Ala esquerdo. Pepê esfrega as mãos, volta ao lugar de sempre, improvisa arranques e travagens à procura das zonas de tiro. O sítio onde é mais feliz.
Meio-campo. Com certeza, seja feita a vontade de Sérgio Conceição. Tremendamente competitivo, impressionante a receber de costas e a iludir a pressão, um tratado de bem jogar.
Pepê é a mais perfeita criatura desenhada por Sérgio Conceição.
Explico-me. Ao chegar do sol de Porto Alegre, Pepê era o típico avançado/extremo de movimentos repetitivos, um Everton Cebolinha com menor estatuto no Brasil. E na Europa.
Receber a bola na esquerda, procurar o meio, tentar o remate ou a combinação. Isto e só isto. Até bater numa parede.
Cebolinha não era diferente, nem melhor, nem pior. Teve, isso sim, o azar de cair nas mãos de um treinador impaciente (Jesus) e num clube em reformulação e profunda crise institucional (Benfica).
O Everton que aterrou na Luz foi o Everton que acabou devolvido à procedência. Os mesmos defeitos, as mesmas virtudes, o mesmo penteado e as mesmas tatuagens. Estagnado.Pepê é o exemplo contrário, radicalmente oposto. Passou de avançado talentoso a futebolista todo-o-terreno, capaz de perceber o que o rodeia e o que deve fazer em cada momento do jogo. Sempre sem perder a extraordinária capacidade de ser genial.
Sérgio Conceição fez um trabalho laboratorial com o rapaz de Foz de Iguaçu. Testou-o, levou-o ao tubo de ensaio, ao limite, dedicou-lhe horas de aconselhamento, entregou-lhe o palco deixado vago pela partida de Luis Díaz.
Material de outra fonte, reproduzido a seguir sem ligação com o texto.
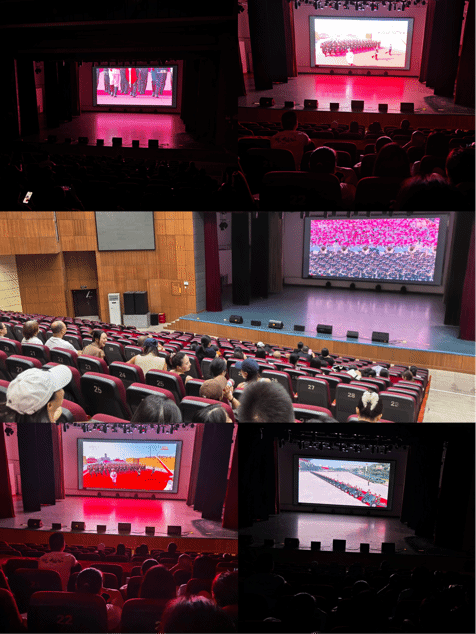 9月3日上午,为纪念中国人民抗日战争暨世界反法西斯战争胜利80周年,音乐舞蹈学院组织全院师生以线上线下相结合的形式观看了盛大的阅兵仪式直播。学院全体老师齐聚音乐厅、部分返校学生在教室进行观看,未返校的学生也通过多种形式同步收看这一庄严时刻。观看结束后,音乐舞蹈学院组织全体教师集中学习习近平总书记在纪念中国人民抗日战争暨世界反法西斯战争胜利80周年大会上的重要讲话精神,并围绕“艺术教育与抗战精神传承”主题开展深入研讨。当晚,学院要求全体教职员工分散观看了主题为《正义必胜》的纪念抗战胜利80周年文艺晚会演出。
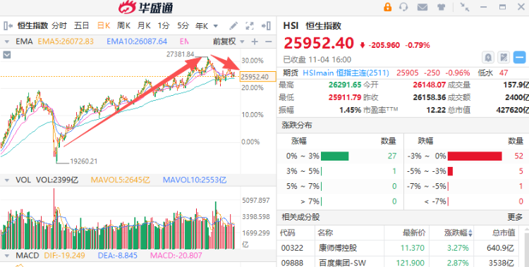 分析而言,一方面, 中美关税、十五五规划后,短期宏观利好消息落地,资金进攻意愿减弱。另一方面,美国科技股龙头财报表现分化,市场持续担心美股AI泡沫,港股景气赛道缺乏新叙事。

Um triunfo.
Muitas vezes, olho Pepê em campo e sinto-o uma marioneta de Conceição, como se o treinador lhe controlasse todas as ações, um ventriloquismo assoberbado. Mas não, não chega a isso.
Inteligente, Pepê vestiu a roupagem de aluno da primeira fila e não falha uma pergunta. Faz tudo bem, o mais simples e o mais complexo, transformou-se em jogador de seleção brasileira, um extraordinário futebolista com personalidade forte. Percebe o que o treinador exige e representa-o como tão bem sabe e gosta. Pepê tem prazer no que faz e por prazer tudo faz mais sentido.
A exibição no clássico de Alvalade, por ser a mais recente e mediática, terá sido a prova maior deste testemunho de qualidade. Mas Pepê já é este Pepê há muitos meses.
A metamorfose de Pepê é um capítulo de ouro no trabalho do treinador Sérgio Conceição.